The Slimstock Research Centre is constantly pushing the boundaries of inventory management. As excitement around AI & machine learning grows, our team of experts are actively researching how this technology can be applied to overcome the supply chain challenges business face today!
In this infographic, we explore how machine learning is being applied to specific inventory management functions to develop the next generation of supply chain tools!
Forecasting demand for new products
New products are notoriously difficult to plan for. Our team of researchers are exploring how machine learning can be utilised to remove the uncertainty and risk from new product launches. Through applying machine learning algorithms with advanced configuration, AI-based systems will cluster demand history from multiple products to identify and anticipate trends in demand. This, in turn, will enable the system to predict the volume of demand.
The result: supply chain teams will be able to build robust forecasts for new products far quicker than any existing tool available today!
“To sell or not to sell”
How can you determine whether your new product launch has been a success or not? More importantly, how can you determine whether or not a new product should be continued or killed off after the launch phase?
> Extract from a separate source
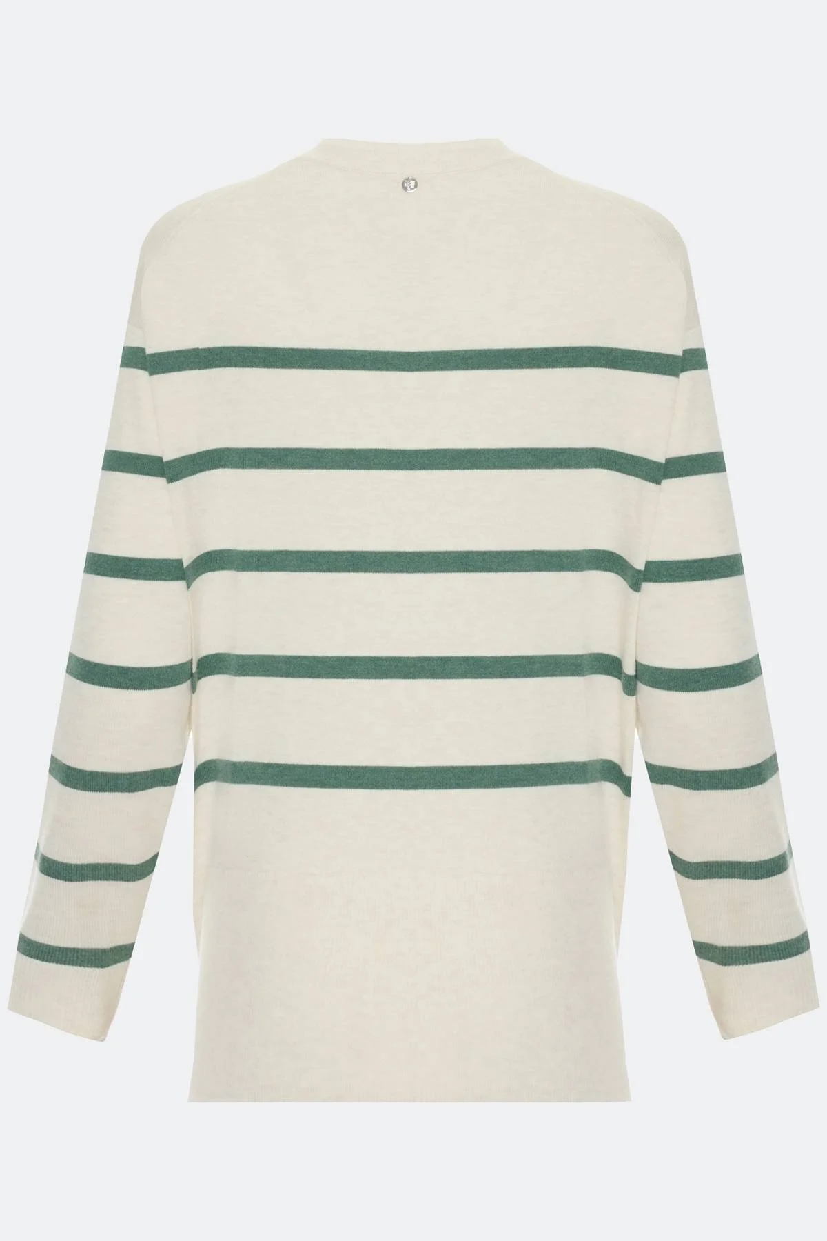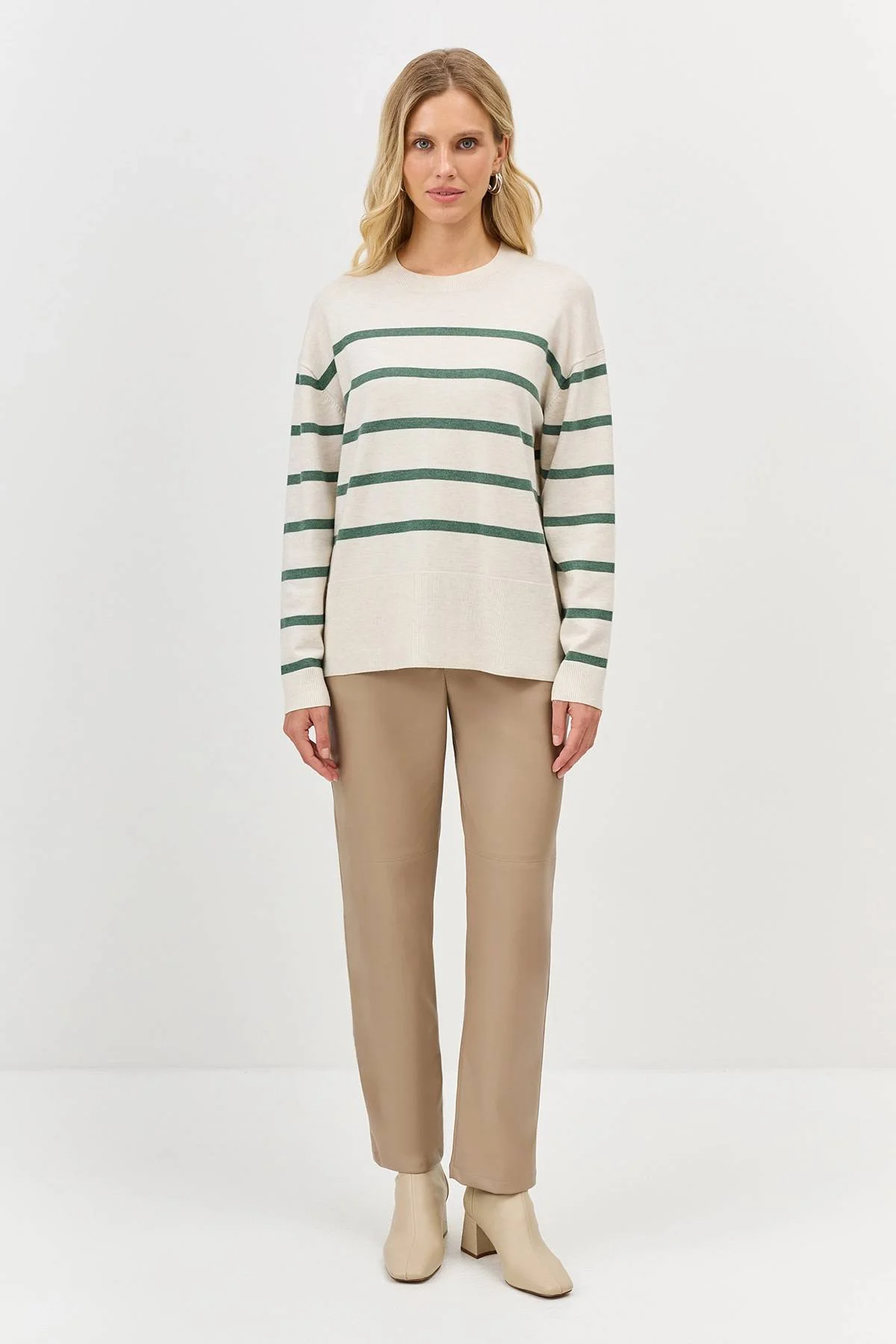Джемпер из смесовой вискозы в тонкую контрастную полоску. Свободный силуэт. Круглый вырез. Рукава со спущенной линией плеча. В составе шерсть.

By utilising specialised product classifications coupled with machine learning algorithms and advanced mathematical techniques, the Slimstock Research Centre is exploring how machine learning techniques can help businesses make more proactive stocking decisions. Furthermore, our team is developing a system to identify the necessary selling price of a stocked item required to ensure the product will generate a profit.
Using similar techniques to those relied upon in fraud detection, our team is applying machine learning techniques to enable supply chain teams to identify outliers in demand history and exclude this from any analysis. Furthermore, by utilising advanced neural networks to cluster SKUs that are highly sensitive to anomalies, these products can be managed more proactively.
This development will help to detect anomalies in daily operations like customer transactions, availability and inventory status. As a result, the reliability of both processes and calculations will be drastically improved!
Minimising waste is a complex challenge! Given that waste can be caused by a broad number of factors, the Slimstock Research Centre is developing tools that helps businesses anticipate waste levels and mitigate these causes. Focusing on the optimal order quantity for items where perishability is present as well as the risk of obsolescence at the end of the lifecycle, our team is researching how AI can help supply chain teams to gain greater control over waste.
There is no question that promotions present businesses with some major headaches. However, as AI systems advance, our team of researchers are exploring how such technologies can be harnessed to optimise the decision-making process around promotions. By utilising a technique called ‘deep reinforcement learning’, the Slimstock Research Centre is actively investigating how this development can be utilised to help businesses develop more effective promotions policies.